═══ Records provided ═══
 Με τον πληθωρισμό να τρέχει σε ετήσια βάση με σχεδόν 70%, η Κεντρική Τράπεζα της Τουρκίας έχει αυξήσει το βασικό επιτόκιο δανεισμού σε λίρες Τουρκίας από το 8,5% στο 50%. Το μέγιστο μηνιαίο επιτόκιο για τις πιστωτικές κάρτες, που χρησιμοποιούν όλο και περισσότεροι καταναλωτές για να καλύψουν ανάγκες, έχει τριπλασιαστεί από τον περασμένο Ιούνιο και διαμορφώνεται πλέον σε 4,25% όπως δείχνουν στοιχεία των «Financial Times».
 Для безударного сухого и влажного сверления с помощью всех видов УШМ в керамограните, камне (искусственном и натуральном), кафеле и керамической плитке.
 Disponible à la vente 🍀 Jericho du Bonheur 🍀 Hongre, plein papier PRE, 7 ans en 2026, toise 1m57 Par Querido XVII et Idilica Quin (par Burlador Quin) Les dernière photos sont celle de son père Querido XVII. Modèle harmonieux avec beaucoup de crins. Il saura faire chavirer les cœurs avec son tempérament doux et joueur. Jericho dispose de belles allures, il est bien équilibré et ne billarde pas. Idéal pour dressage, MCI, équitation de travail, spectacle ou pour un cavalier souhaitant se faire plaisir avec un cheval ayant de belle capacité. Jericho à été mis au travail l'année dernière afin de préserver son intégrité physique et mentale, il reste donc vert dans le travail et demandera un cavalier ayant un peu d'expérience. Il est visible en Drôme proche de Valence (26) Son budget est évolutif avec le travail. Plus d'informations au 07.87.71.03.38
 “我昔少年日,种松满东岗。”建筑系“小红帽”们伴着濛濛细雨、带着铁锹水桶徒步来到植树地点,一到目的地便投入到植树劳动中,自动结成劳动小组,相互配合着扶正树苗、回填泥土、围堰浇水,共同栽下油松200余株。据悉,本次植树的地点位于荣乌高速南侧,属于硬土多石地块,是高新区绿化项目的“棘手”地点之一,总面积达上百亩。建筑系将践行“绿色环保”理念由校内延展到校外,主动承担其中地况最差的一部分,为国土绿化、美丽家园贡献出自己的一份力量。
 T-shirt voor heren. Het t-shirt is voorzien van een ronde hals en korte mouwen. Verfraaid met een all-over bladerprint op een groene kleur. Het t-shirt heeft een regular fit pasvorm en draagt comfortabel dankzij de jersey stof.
═══
═══ Records provided ═══
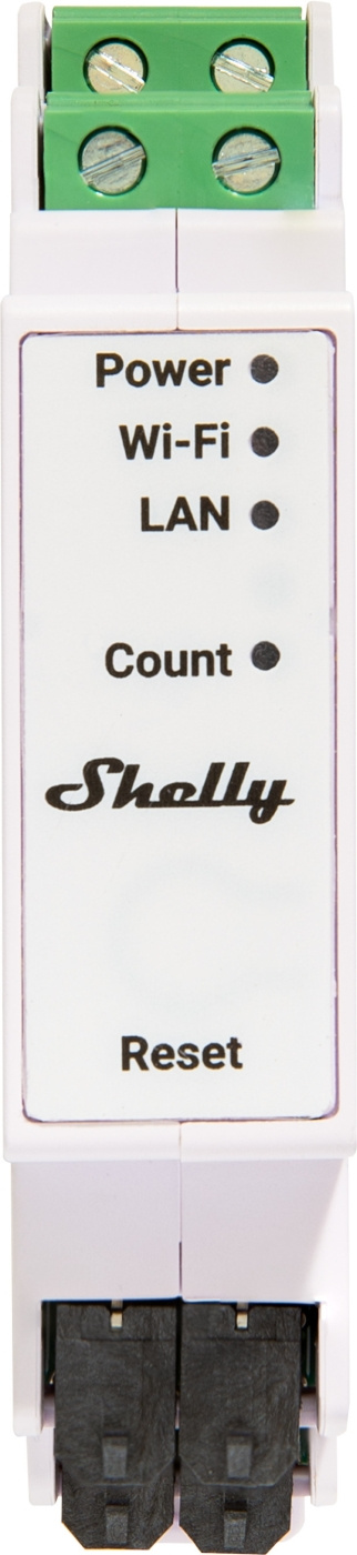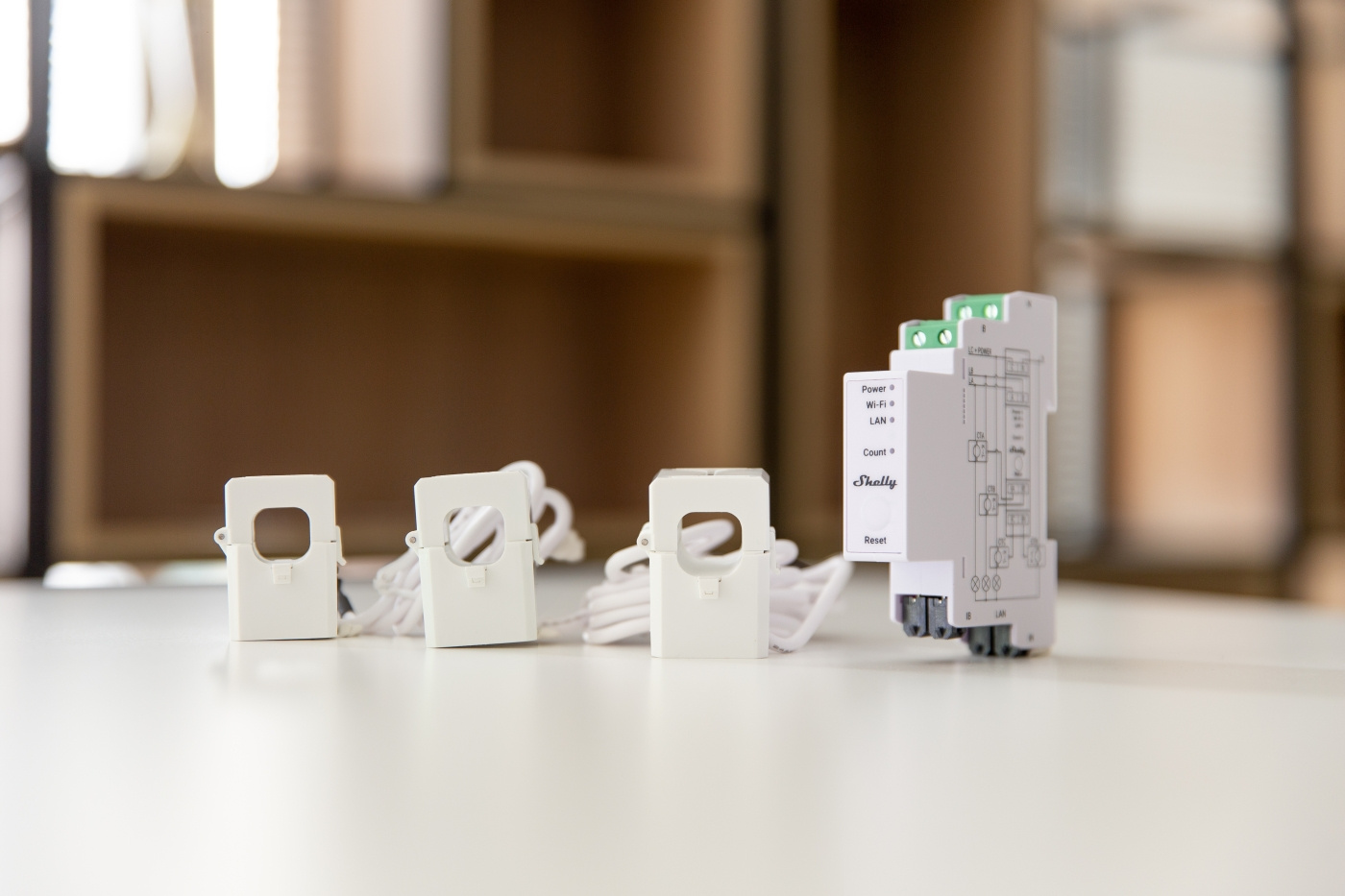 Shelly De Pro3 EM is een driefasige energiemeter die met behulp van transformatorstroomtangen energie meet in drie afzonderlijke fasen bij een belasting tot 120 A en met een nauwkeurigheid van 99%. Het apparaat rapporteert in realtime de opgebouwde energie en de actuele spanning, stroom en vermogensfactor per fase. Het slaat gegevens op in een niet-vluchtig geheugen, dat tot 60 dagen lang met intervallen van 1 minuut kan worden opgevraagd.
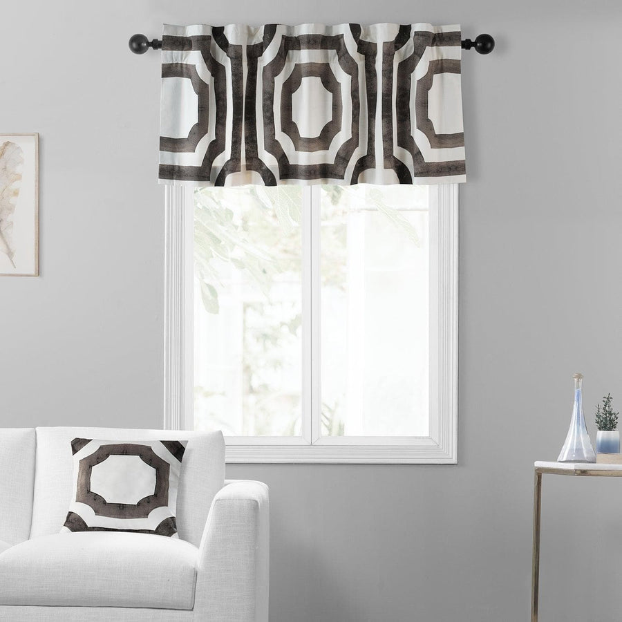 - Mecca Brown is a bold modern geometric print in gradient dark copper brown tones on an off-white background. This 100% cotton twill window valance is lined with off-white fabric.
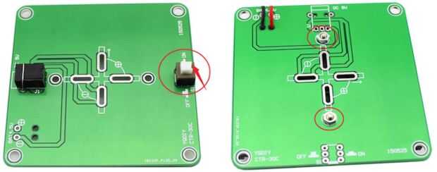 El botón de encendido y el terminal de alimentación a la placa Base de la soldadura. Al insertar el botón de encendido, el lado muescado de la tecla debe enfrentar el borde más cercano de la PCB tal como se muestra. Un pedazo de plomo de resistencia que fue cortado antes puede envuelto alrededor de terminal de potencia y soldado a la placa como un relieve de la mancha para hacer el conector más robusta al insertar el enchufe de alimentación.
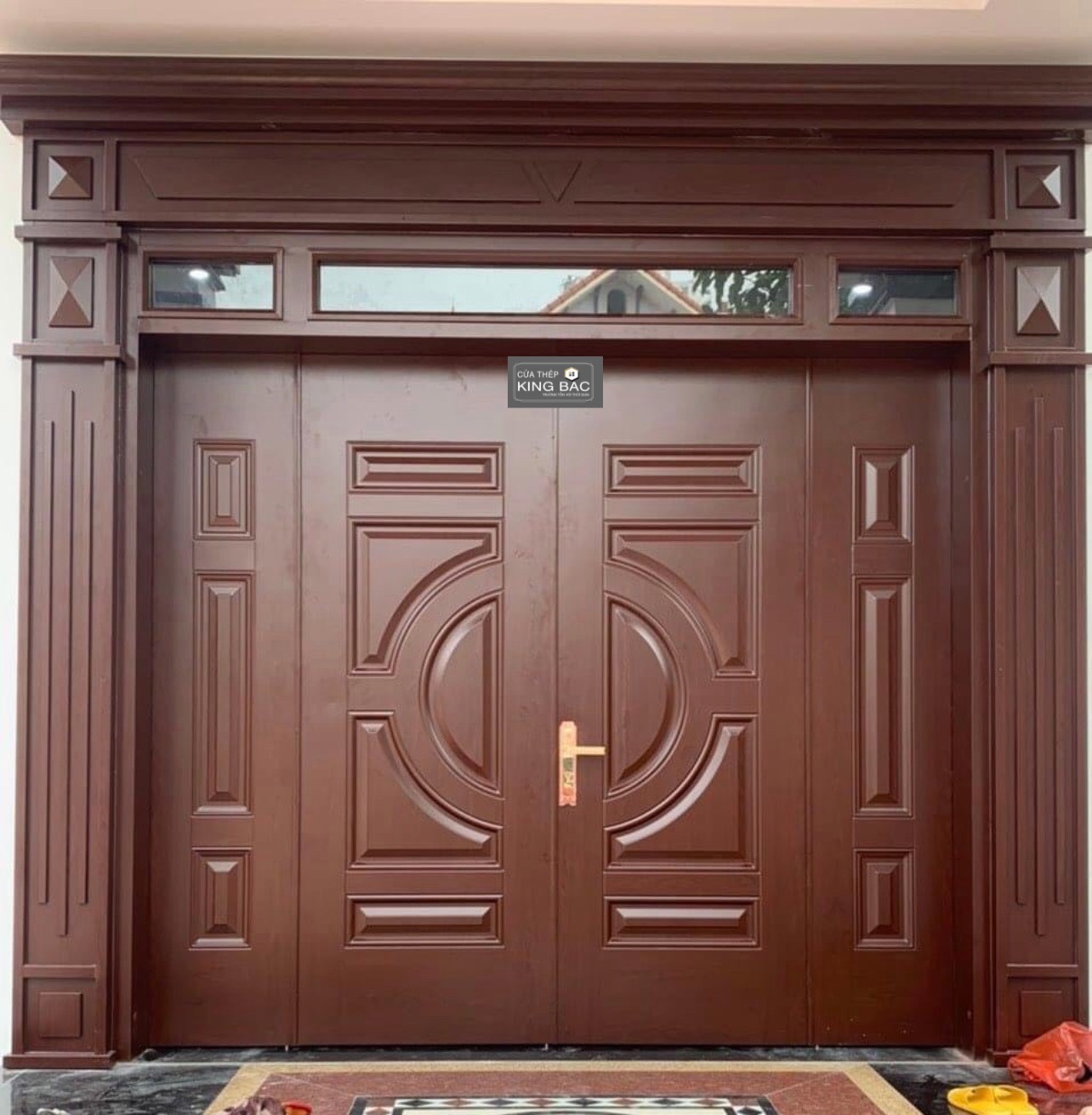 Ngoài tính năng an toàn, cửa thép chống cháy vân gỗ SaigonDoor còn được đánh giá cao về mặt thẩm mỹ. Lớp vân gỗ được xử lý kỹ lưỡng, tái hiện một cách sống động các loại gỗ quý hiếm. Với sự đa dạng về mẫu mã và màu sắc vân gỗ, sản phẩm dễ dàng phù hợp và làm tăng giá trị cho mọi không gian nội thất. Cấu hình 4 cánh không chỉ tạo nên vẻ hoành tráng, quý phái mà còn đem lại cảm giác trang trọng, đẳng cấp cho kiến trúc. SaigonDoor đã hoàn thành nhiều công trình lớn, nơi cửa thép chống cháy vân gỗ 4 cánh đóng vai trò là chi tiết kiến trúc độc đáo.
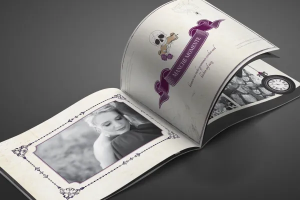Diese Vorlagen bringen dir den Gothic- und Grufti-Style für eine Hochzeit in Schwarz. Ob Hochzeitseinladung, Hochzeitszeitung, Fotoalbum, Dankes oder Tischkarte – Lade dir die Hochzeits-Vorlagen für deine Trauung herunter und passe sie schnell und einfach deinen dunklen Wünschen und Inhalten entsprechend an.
═══
═══ Records provided ═══
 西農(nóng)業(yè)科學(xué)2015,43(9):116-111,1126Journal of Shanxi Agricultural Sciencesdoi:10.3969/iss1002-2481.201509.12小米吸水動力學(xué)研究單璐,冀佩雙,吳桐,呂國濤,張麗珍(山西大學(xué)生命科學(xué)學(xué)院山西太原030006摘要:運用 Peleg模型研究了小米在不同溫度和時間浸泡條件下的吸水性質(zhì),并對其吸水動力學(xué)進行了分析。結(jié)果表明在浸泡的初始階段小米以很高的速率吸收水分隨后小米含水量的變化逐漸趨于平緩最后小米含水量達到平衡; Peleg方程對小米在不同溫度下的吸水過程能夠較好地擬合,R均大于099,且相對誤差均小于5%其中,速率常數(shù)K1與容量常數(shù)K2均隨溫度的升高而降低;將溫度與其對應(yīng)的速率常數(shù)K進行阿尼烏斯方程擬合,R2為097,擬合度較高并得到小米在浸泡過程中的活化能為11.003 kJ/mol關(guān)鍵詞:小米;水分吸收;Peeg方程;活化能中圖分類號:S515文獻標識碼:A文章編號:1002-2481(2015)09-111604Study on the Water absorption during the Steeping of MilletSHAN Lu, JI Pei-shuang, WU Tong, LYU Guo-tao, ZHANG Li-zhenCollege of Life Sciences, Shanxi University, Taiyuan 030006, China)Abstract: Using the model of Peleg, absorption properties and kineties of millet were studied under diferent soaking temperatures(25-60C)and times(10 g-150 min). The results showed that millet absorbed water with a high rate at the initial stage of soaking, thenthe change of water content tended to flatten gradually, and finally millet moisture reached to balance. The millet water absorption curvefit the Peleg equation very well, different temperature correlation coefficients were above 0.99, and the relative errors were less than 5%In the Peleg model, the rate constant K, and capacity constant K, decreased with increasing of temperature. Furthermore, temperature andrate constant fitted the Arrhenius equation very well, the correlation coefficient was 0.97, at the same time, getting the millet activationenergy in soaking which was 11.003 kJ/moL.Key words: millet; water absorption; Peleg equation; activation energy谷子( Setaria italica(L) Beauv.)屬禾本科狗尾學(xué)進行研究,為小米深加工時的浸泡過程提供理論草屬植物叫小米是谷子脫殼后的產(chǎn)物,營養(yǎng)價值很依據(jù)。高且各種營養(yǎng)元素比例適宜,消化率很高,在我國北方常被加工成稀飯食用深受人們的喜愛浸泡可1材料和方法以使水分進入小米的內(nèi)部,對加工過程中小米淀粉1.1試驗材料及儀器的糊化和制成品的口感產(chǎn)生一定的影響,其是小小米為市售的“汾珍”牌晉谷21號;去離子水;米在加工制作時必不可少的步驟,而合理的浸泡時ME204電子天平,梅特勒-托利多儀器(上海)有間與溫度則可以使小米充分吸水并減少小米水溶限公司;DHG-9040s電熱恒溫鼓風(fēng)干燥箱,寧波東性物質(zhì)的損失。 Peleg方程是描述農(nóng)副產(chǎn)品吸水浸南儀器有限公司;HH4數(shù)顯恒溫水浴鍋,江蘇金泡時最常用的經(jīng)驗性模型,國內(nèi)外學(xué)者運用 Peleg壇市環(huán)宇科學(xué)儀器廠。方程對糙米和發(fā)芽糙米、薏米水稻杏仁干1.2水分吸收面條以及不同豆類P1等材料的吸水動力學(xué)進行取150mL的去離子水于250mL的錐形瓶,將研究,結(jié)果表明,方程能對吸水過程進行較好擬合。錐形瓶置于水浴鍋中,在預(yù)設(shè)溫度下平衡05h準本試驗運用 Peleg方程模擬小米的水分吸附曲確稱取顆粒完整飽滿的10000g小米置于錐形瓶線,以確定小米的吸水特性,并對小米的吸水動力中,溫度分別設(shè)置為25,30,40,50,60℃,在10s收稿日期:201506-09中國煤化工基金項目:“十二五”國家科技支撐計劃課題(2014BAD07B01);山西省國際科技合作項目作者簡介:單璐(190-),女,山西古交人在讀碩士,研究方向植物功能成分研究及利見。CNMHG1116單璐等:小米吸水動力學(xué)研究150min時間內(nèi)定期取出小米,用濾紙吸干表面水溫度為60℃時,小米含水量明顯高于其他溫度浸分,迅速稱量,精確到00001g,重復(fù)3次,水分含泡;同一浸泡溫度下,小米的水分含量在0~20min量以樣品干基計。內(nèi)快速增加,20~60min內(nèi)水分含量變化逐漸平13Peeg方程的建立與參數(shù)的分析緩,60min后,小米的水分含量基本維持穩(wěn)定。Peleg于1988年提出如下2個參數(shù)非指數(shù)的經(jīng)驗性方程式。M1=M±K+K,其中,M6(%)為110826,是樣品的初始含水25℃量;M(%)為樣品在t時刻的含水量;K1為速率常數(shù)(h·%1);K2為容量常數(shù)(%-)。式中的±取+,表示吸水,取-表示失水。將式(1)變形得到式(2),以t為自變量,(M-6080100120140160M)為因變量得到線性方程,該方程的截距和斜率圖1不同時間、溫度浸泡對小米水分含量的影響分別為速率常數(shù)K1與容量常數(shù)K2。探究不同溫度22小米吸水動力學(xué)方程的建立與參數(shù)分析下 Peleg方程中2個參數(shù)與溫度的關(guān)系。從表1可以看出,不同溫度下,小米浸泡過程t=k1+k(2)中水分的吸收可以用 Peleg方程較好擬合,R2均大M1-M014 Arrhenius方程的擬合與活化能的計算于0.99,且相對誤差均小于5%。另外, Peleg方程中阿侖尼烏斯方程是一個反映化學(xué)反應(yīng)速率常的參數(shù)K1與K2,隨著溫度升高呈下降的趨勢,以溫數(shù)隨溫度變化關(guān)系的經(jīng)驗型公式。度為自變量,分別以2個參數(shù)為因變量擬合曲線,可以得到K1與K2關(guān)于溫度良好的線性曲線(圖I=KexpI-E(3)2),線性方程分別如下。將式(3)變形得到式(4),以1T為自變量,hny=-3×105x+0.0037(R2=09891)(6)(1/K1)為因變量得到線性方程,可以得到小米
═══
With the pictures removed from your copy, retype the lines above from the one that contains "Shelly De Pro3" through the one that contains "- Mecca Brown", exactly.

 Shelly De Pro3 EM is een driefasige energiemeter die met behulp van transformatorstroomtangen energie meet in drie afzonderlijke fasen bij een belasting tot 120 A en met een nauwkeurigheid van 99%. Het apparaat rapporteert in realtime de opgebouwde energie en de actuele spanning, stroom en vermogensfactor per fase. Het slaat gegevens op in een niet-vluchtig geheugen, dat tot 60 dagen lang met intervallen van 1 minuut kan worden opgevraagd.
 - Mecca Brown is a bold modern geometric print in gradient dark copper brown tones on an off-white background. This 100% cotton twill window valance is lined with off-white fabric.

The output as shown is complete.